Wherein, described cumulative unit 403 as shown in Figure 5, comprising:
Sign judgment sub-unit 501 is for the distinctive mark of the sentence of judging 401 cuttings of described cutting unit;
The weight subelement 502 that adds up, it is cumulative to be used for carrying out word frequency according to the judgement of described sign judgment sub-unit 501; If the word with distinctive mark is arranged in the sentence, then the word frequency of each centre word is cumulative by 3 times of standard weights in this sentence; If the word with distinctive mark is arranged in the adjacent sentence before or after this sentence, then the word frequency of each centre word is cumulative by 2 times of standard weights in this sentence; Otherwise the word frequency of each centre word is cumulative by the standard weight in this sentence, thereby obtains the Weighted Term Frequency of all centre words in this sentence.
As shown in Figure 4, as another embodiment, described word frequency statistics module 202 may further include:
Similarity comparing unit 405 is used for comparing the title division of each bar Query Result and the similarity between the described problem string;
Described control module 404 is further used for, if the similarity of the title of current Query Result and described problem string is greater than default threshold value, then control described cutting unit, statistic unit and cumulative unit, carry out the step of described statistics centre word word frequency, otherwise skip the step of the statistics centre word word frequency of current Query Result.
Described answer word determination module 203 comprises as shown in Figure 6:
Word weight calculation unit 601 is used for according to formula: the inverse document frequency of the word frequency of the word weight of centre word=this centre word * this centre word, the word weight of described each centre word of calculating;
Answer word determining unit 602 is used for the centre word of word weight maximum is defined as the answer word.
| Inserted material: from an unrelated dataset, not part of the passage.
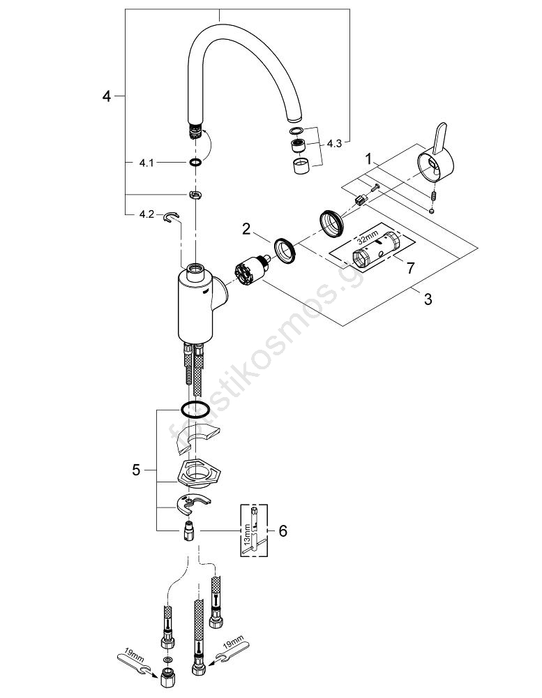 GROHE 31180000 - Μπαταρία κουζίνας EUROSMART COSMOPOLITAN σε γυαλιστερό χρώμιο | Fotisti kosmos

Described automatic question answering answer determination module 204 comprises as shown in Figure 7:
Summary acquiring unit 701 is used for summary at described Query Result and finds and front s maximum summary of answer word occur; S is the integer more than or equal to 1;
Summary cutting unit 702 is used for described s summary respectively is divided into a plurality of sentences by fullstop;
Answer determining unit 703 is used for finding the maximum sentence of centre word number that answer word and customer problem string occur at the sentence of described summary cutting unit 702 cuttings, as automatic question answering answer corresponding to problem string.
By the above embodiments as seen, this automatic question-answering method of the present invention and device, take full advantage of the existing user's question and answer of Ask-Answer Community data, do not need to set up the question and answer knowledge base, the ken that does not also need the limited subscriber problem, and from existing question and answer data, find out the maximally related answer of problem that proposes with the user according to parameters such as word frequency, inverse document frequency, text similarities, realize automatically answering.In addition, the present invention can also be used for general problem or text string are carried out semantic extension, can be used for classification or search etc.
The above only is preferred embodiment of the present invention, and is in order to limit the present invention, within the spirit and principles in the present invention not all, any modification of making, is equal to replacement, improvement etc., all should be included within the scope of protection of the invention.